Once they'd stopped running from the fallout of that one, the Doctor turned to Grantaire and demanded, "What is this, the second coming of Brian Pond? Why do you do everything I say?"

"You told me to!" he cried in response.

"And do you always do what you're told?" The Doctor thumped him on the forehead with his screwdriver. "Stop doing that, I've never traveled with someone who does what I ask and no point in starting now. Ah." Their pursuers were catching up with them. "Except this time. Run."

With the Doctor's hand around his, they ran, so fast that Grantaire's legs screaming in protest and his lungs burned. The elation of freedom that came from a run of such speed and length hit him like a wall, and he laughed. He could see the Doctor smile too, and for a moment it was only them, and the running.

They hit the TARDIS going at full speed, and the door snapped shut behind them. The mob on the other side knocked angrily, and the Doctor laughed. He did that a lot, Grantaire noticed.

"In the name of the Emperor, I charge you to open the doors this instant!" one voice rang over all the rest.

"Ha! In the name of the Doctor, I charge _him_ to open _his_ doors!" he yelled back. "That sounded better in my head," he confided to Grantaire.

"His Imperial Highness Rexantimorfians commands you to open this door!"

"I know something of Emperors!" Grantaire returned, exhilarated. "I know their power derives from forcing others to abdicate their own!" He sounded like Enjolras. 

The Doctor grinned, and gave him an enthusiastic thumbs up. "That was good," he whispered.

"Was it not bombastic?" he asked, laughing.

"Oh, no.

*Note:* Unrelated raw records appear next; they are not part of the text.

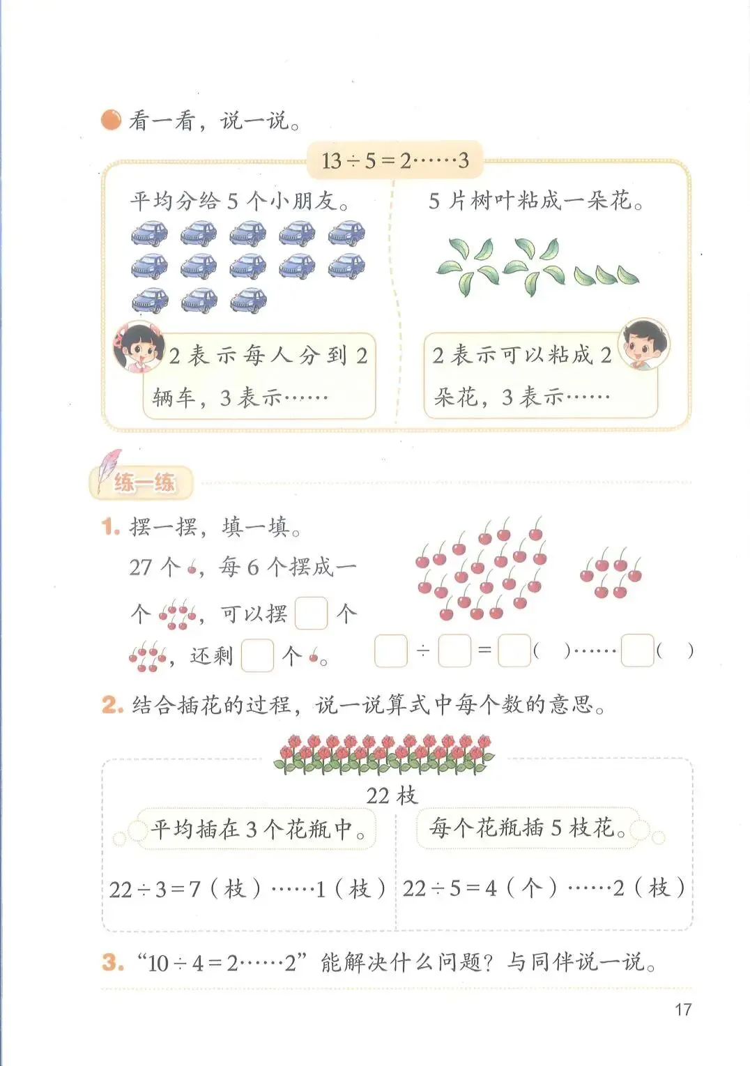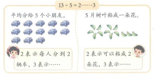 (1)古代分物中的余数:商代人们分粮食时,10袋米分给3户,每户分3袋还剩1袋,这“剩下的1袋”就是余数,是古人解决分物问题的数学智慧。 (2)“余数找朋友”游戏:每人拿12根小棒,分别搭三角形(3根)、正方形(4根),记录余数,找余数相同的同伴,能快速熟悉不同除数下的余数情况。咱们先做几道除法题热热身,看课件上的题目:10÷5、4÷2、30÷6、20÷4、12÷3,大家自己算一算。谁来说说答案?没错,这些都是咱们之前学过的表内除法,正好能分完。那大家能计算“13÷4”吗?这就是咱们今天要学的内容——搭一搭(一)。咱们看课件里的例子:搭一个正方形需要几根小棒?对,4根。现在给大家13根小棒,以小组为单位动手搭一搭,看看能搭几个完整的正方形,还剩几根,顺便用算式把过程和结果记下来。学生1:每搭一个正方形减4根,13-4-4-4=1,减了3次,剩1根,能搭3个。 学生2:3×4=12,13-12=1,搭3个用12根,剩1根。 学生3:13里有几个4,用除法13÷4,但结果怎么表示?这个问题问得好——咱们用“13÷4=3(个)……1(根)”表示,这里剩下的1根叫“余数”,这个算式读作“13除以4等于3余1”。这种没正好分完、有剩余的除法,就是“有余数的除法”。现在对着你们搭的正方形,分组说说算式里每个数的意思吧。学生1:“13”是小棒总数。 学生2:“4”是搭1个正方形要4根。 学生3:“3”是能搭的正方形个数。 学生4:“1”是剩下的小棒。咱们再看课件里的例子,同桌互相说说这两个算式里每个数的意思。学生1:第一幅图里,13是13辆小汽车,5是分给5个小朋友,2是每人分2辆,3是剩3辆。 学生2:第二幅图里,13是13片树叶,5是粘1朵花要5片,2是能粘2朵,3是剩3片。看课件里“练一练”第1题,大家自己先想想,一会儿上台来分享你的解答过程。再看第2题,自己在心里理一理算式各部分的意思,谁来说说你的想法?今天咱们学了有余数的除法,大家说说这节课有什么收获?回家用10根小棒搭三角形(每3根搭1个),写出有余数的除法算式并读出来,和家人说说算式里每个数的意思。用“10÷4=2……2”编一个生活里的分物或搭建问题,明天和小伙伴分享。复习导入能快速衔接旧知,动手搭小棒让学生直观感知余数,小组讨论和分享让学生主动参与理解算式意义。对“余数比除数小”的引导不够,后续可增加不同小棒数量的搭法对比,强化这一规律;同时可增加算式读法的练习,让学生更熟练。点击下方公众号卡片,发送红色关键字
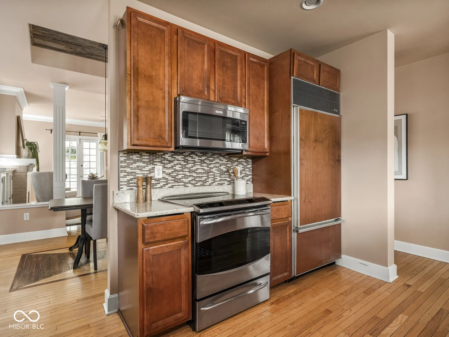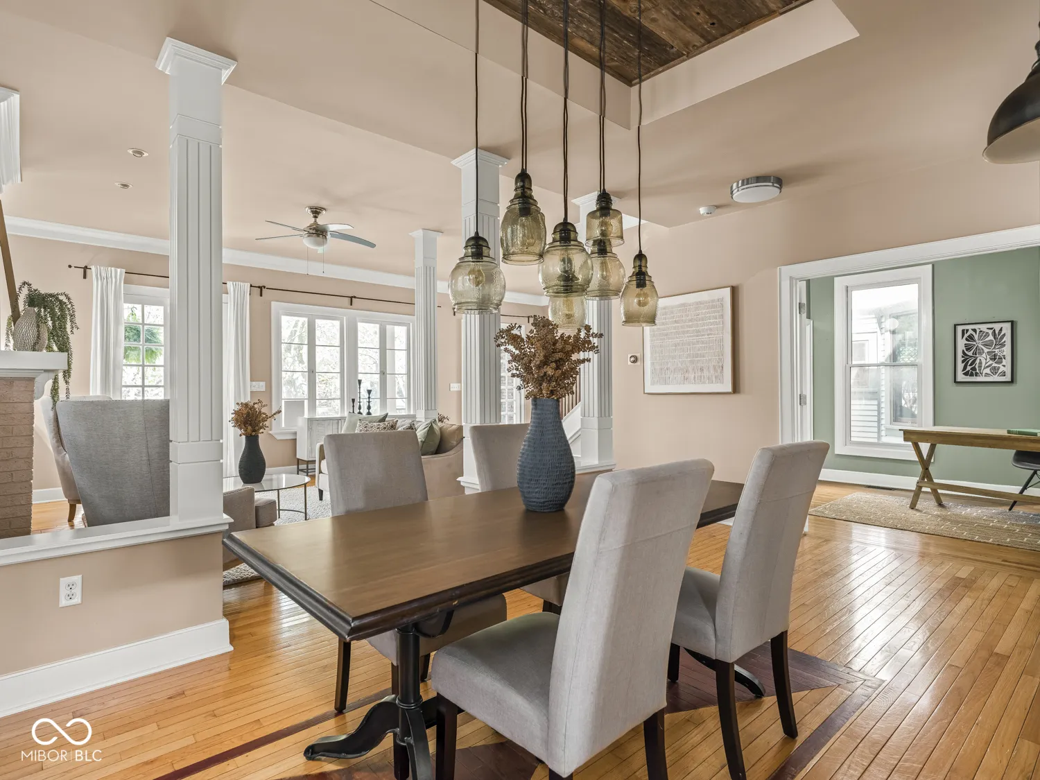 This historic home features a stunning stacked porch overlooking Herron-Morton Place’s iconic esplanade. Custom hardscaping and a gated front yard lead to charming double entry doors, creating a memorable first impression. Inside, a gracious foyer opens to light-filled living spaces showcasing hardwood floors, soaring ceilings, crown molding, and beautiful built-ins. A spacious main-level bedroom, located adjacent to a full bath, offers flexibility as a private guest suite or an ideal work-from-home space. At the heart of the home, the centrally positioned kitchen boasts a functional layout, high-end finishes, a large breakfast bar, and a Sub-Zero refrigerator. A cozy family room at the rear of the home provides the perfect setting to unwind. Upstairs, the expansive owner’s retreat impresses with a massive walk-in closet, a well-appointed ensuite bath, and access to a private upper porch – ideal for morning coffee, people watching, or relaxing evenings. Two additional bedrooms, a full bathroom, and a conveniently located laundry room complete the second level. A rear balcony leads to the third floor, offering incredible potential to be finished as additional living space or transformed into an income-producing apartment. Outside, the fully fenced backyard features a new paver patio and leads to a three-car garage. Perfectly nestled in a picturesque setting just minutes from downtown parks, trails, dining, and nightlife. This home offers a rare blend of historic charm, modern comfort, and unbeatable location.
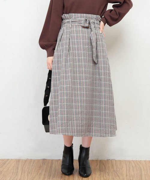 【2018AW natural couture】 今季マストなチェック柄スカート 今季大注目のチェック柄スカートに新作が登場です。お洒落なべっ甲ベルトが付いており、トップスをインした際にアクセントになります。膝下のロング丈に、ウエストから裾にかけてボリュームの出過ぎない絶妙なフレアシルエットとなっており、大人の女性にもぴったりな1着です。後ろウエスト部分はゴム仕様となっており、着脱も楽ちんで◎カラーによって異なるチェック柄を使用しており、落ち着いた大人っぽさとキャッチーで映える2デザインは、どちらも欲しくなっちゃいます!
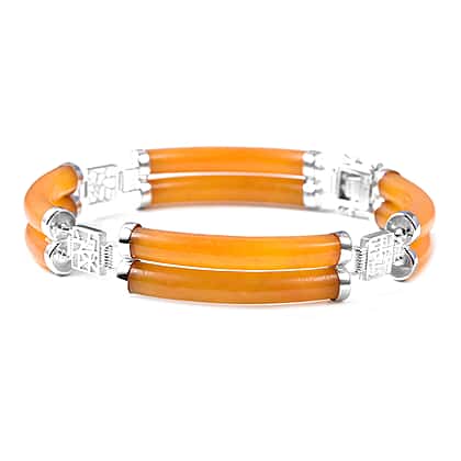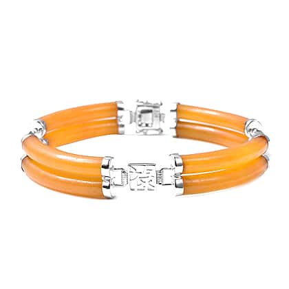 85.15 Ct Honey Jade and Citrine Station Bracelet in Rhodium Plated Silver 7.25 Inch
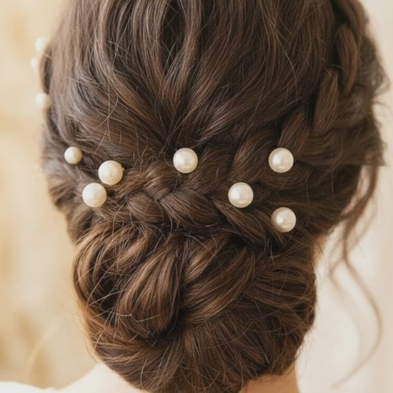 Designed for brides who love simplicity with intention, this set of three pearl hairpins brings a soft, luminous touch to your wedding look. Each pin feels delicate yet refined, crafted to elevate your hairstyle without overwhelming it — the kind of detail that photographs beautifully and feels timeless for years to come.

Well, a bit, but we can use a little bombast from time to time," he said, and jumped at the enormous bang on the door. 

"Are you sure they cannot get in?" he then questioned.

"Safe as houses," the Doctor assured him.

"Fetch a torch!" one voice roared.

"Fetch axes!" another added.

"Time to go," the Doctor said decisively. "Oh, look! Coordinates. I do love when the old girl knows where she's going," he said, setting his switches and levers.

"This travels in the void of space, would she not stand against fire and blades?" Grantaire asked.

"Well, I would expect so, but I'd rather not test the theory," he said, and threw the switch that sent them hurtling into space and time. The angry crowd outside disappeared, replaced by the wheezing of the engine all around them.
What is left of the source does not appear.